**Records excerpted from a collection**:
++++++

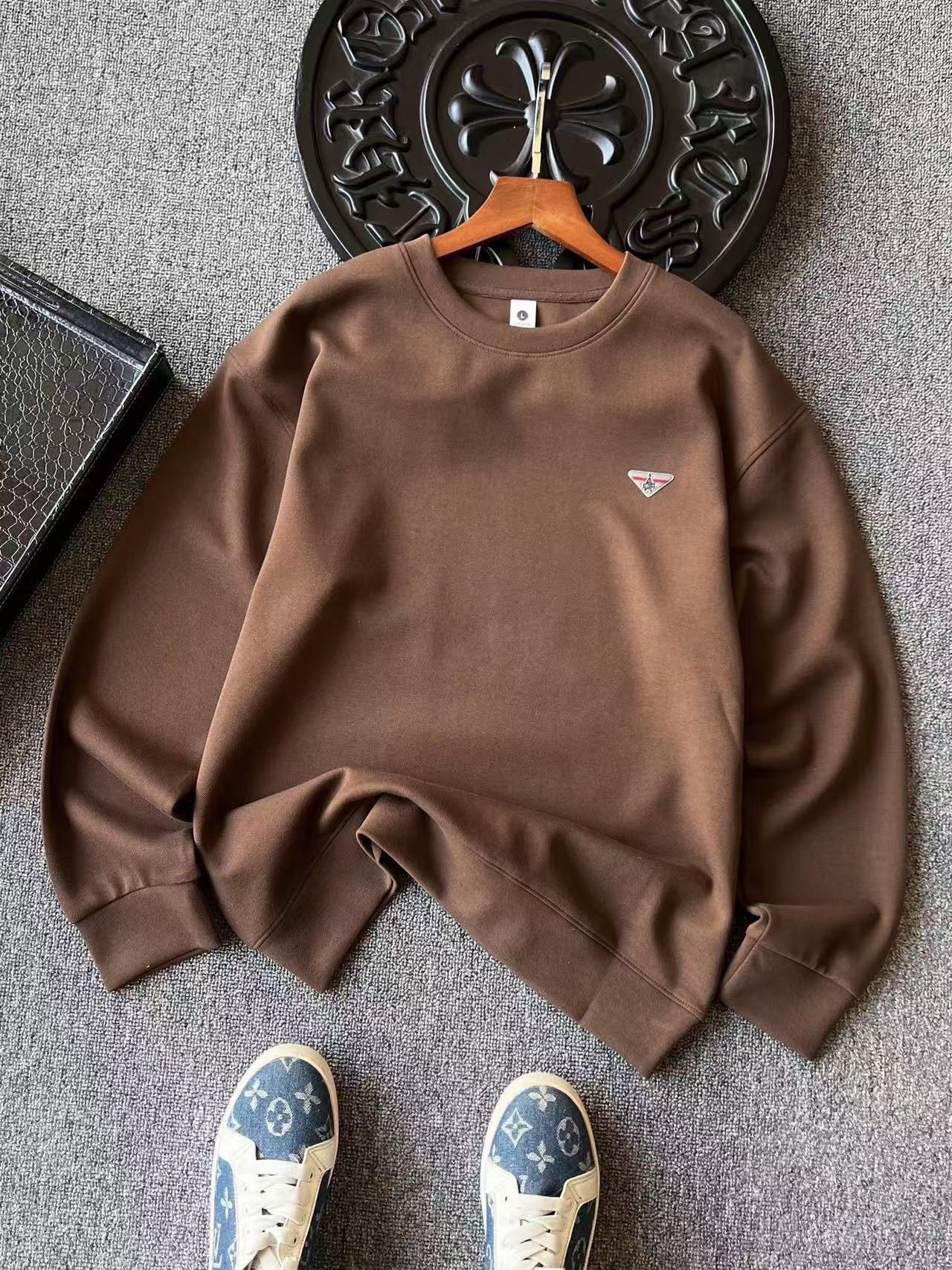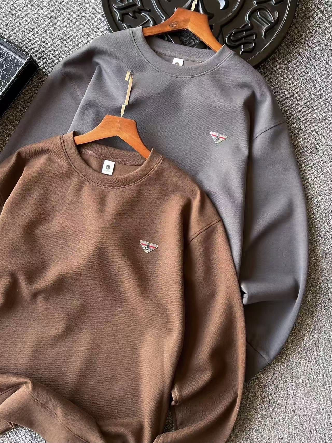 细节细节再细节 Prada小仆人公文包专柜新品高奢圆领卫衣 全身精致简约 纯正摩卡色以及高级水泥灰 胸前采用进口TPU金属拉丝倒三角内里镶嵌小仆人公文包标识 灰红组合底色 精致感满满 所有拼接接缝处全部做了双针压线 精湛做工天花板
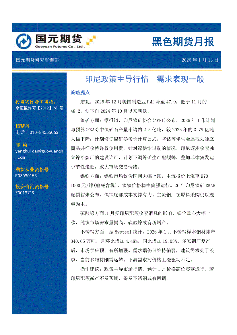 国元期货-黑色期货月报:印尼政策主导行情,需求表现一般-260123
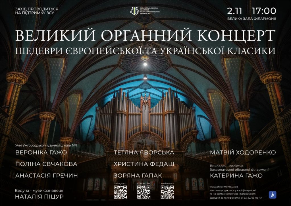 «Великий органний концерт» для слухачів готують учні органного класу Ужгородської музичної школи №1 – Вероніка Гажо, Анастасія Гриневич, Поліна Євчакова, Зоряна Гапак, Христина Федаш, Тетяна Яворська та Матвій Ходоренко під керівництвом викладачки, солістки Закарпатської філармонії Катерини Гажо.
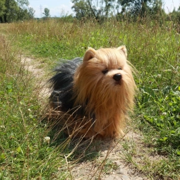 Dlhá hebká srsť, lesklé oči a verné farebné prevedenie vytvárajú pôsobivo realistický vzhľad yorkshira.
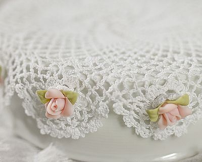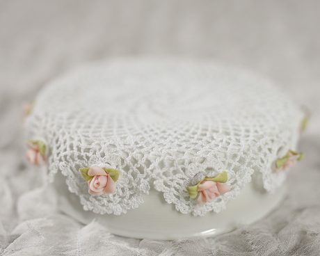 This fine porcelain base matches many of of our figurines. It features a cute vintage doily and small porcelain rose all the way around the base. Base fits figurines with a base diameter of up to 3 3/4″ width. It is available in white.
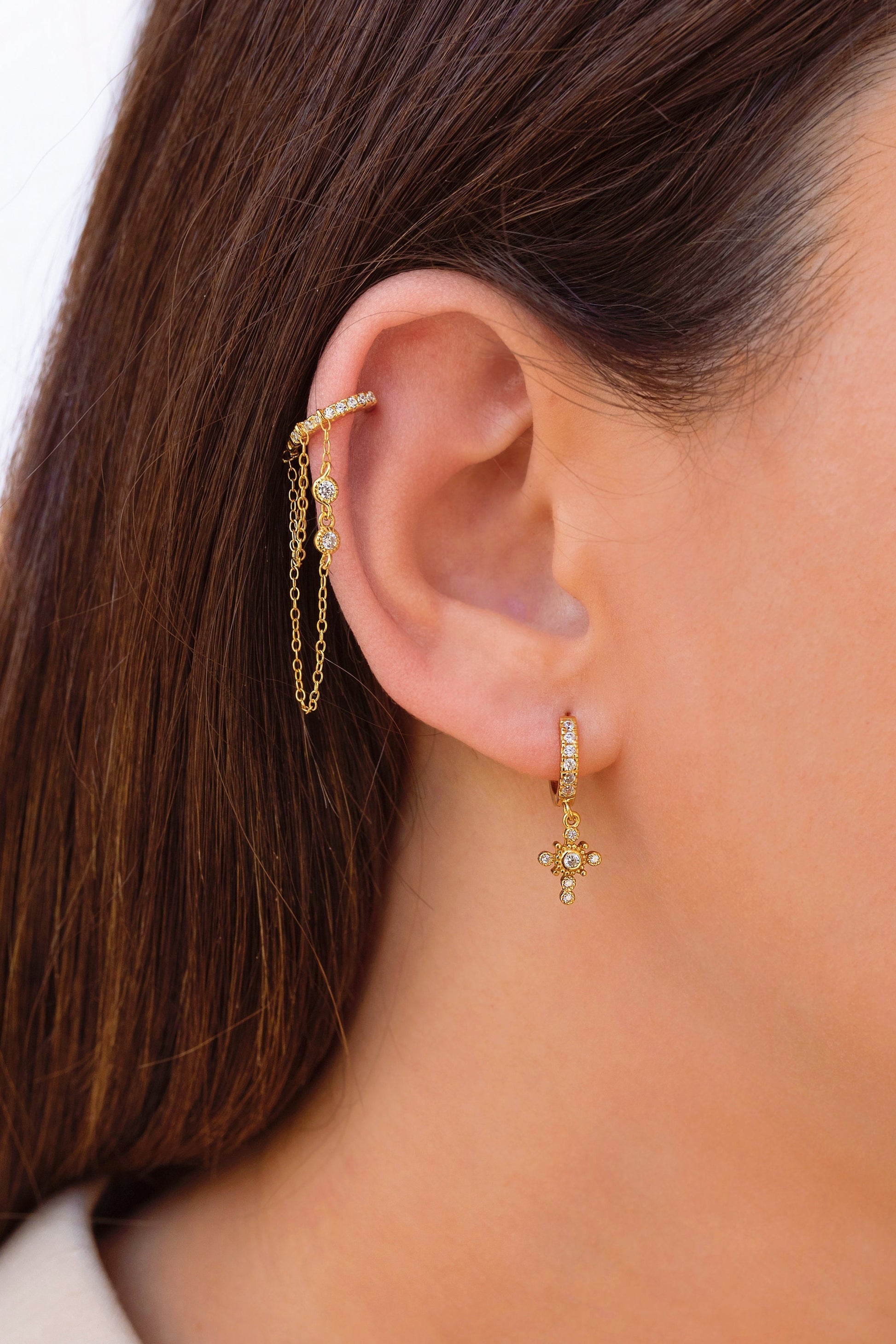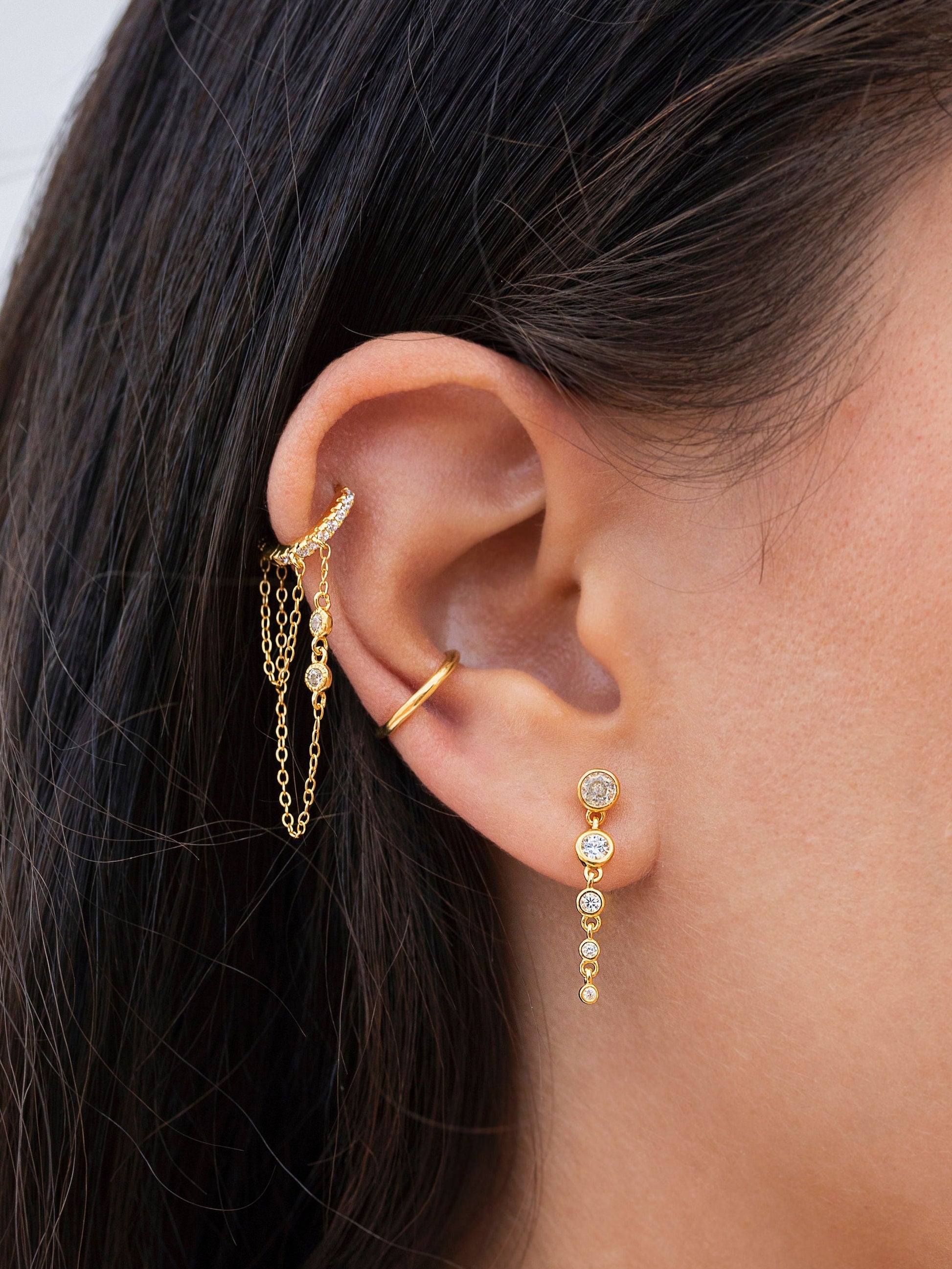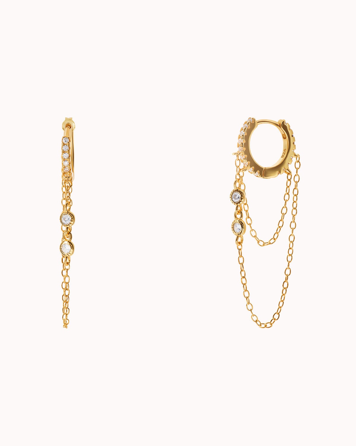 The Kinsey CZ are pave cubic zirconia huggie hoop earrings with 2 dangling chains, one of them with 2 bezel cubic zirconia These dainty, modern, minimalist-style earrings can be worn daily as well as on special occasions. Perfect for a gift!
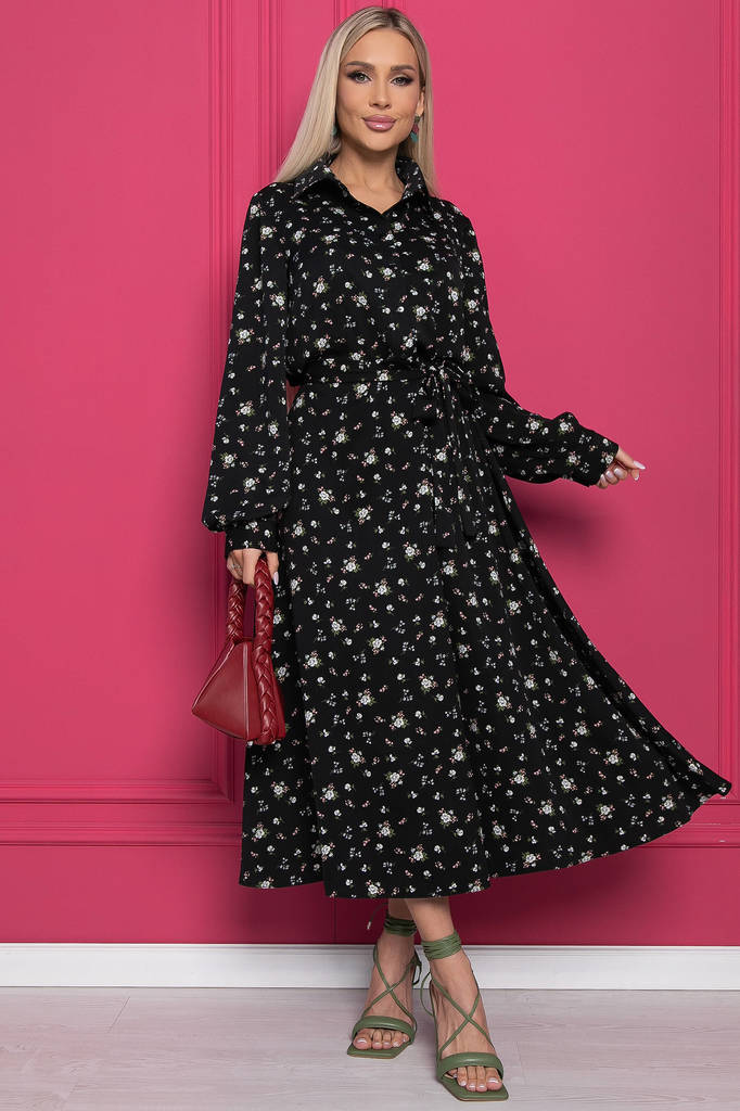 Артикул: П8356. Ткань: плательная "Ниагара". Состав: 95% п/э, 5% эластан. Цвет: черный. Принт: флористический. Вид застежки: на пуговицах . Силуэт: приталенное . Карманы:&nbs... Показать описаниеp;отсутствуют. Тип горловины: отложной. Длина изделия по спинке: 46/ 125 см, 48/ 125 см, 50/ 126 см, 52/ 127 см, 54/ 128 см. Рост модели: 168 см. Легкое и женственное платье с цветочным принтом на лето. В таком длинном платье Вы будете изящной и неповторимой. Расклешенный крой делает образ еще более романтическим. В верхней части пуговицы до талии. Рукав длинный, втачной, по низу манжет с пуговицей. Пояс из основной ткани входит в комплект. Уход за изделием: ручная стирка до 30 градусов; нельзя отбеливать; деликатный отжим; гладить при t не более 110 С; гладить с изнанки. *Допуск отклонения длины при массовом производстве 1-3 см является нормой.

++++++

**TO DO**:
With the pictures left out, output all the entries exactly.

**RESULT BELOW**:
 细节细节再细节 Prada小仆人公文包专柜新品高奢圆领卫衣 全身精致简约 纯正摩卡色以及高级水泥灰 胸前采用进口TPU金属拉丝倒三角内里镶嵌小仆人公文包标识 灰红组合底色 精致感满满 所有拼接接缝处全部做了双针压线 精湛做工天花板
 国元期货-黑色期货月报:印尼政策主导行情,需求表现一般-260123
 «Великий органний концерт» для слухачів готують учні органного класу Ужгородської музичної школи №1 – Вероніка Гажо, Анастасія Гриневич, Поліна Євчакова, Зоряна Гапак, Христина Федаш, Тетяна Яворська та Матвій Ходоренко під керівництвом викладачки, солістки Закарпатської філармонії Катерини Гажо.
 Dlhá hebká srsť, lesklé oči a verné farebné prevedenie vytvárajú pôsobivo realistický vzhľad yorkshira.
 This fine porcelain base matches many of of our figurines. It features a cute vintage doily and small porcelain rose all the way around the base. Base fits figurines with a base diameter of up to 3 3/4″ width. It is available in white.
 The Kinsey CZ are pave cubic zirconia huggie hoop earrings with 2 dangling chains, one of them with 2 bezel cubic zirconia These dainty, modern, minimalist-style earrings can be worn daily as well as on special occasions. Perfect for a gift!
 Артикул: П8356. Ткань: плательная "Ниагара". Состав: 95% п/э, 5% эластан. Цвет: черный. Принт: флористический. Вид застежки: на пуговицах . Силуэт: приталенное . Карманы:&nbs... Показать описаниеp;отсутствуют. Тип горловины: отложной. Длина изделия по спинке: 46/ 125 см, 48/ 125 см, 50/ 126 см, 52/ 127 см, 54/ 128 см. Рост модели: 168 см. Легкое и женственное платье с цветочным принтом на лето. В таком длинном платье Вы будете изящной и неповторимой. Расклешенный крой делает образ еще более романтическим. В верхней части пуговицы до талии. Рукав длинный, втачной, по низу манжет с пуговицей. Пояс из основной ткани входит в комплект. Уход за изделием: ручная стирка до 30 градусов; нельзя отбеливать; деликатный отжим; гладить при t не более 110 С; гладить с изнанки. *Допуск отклонения длины при массовом производстве 1-3 см является нормой.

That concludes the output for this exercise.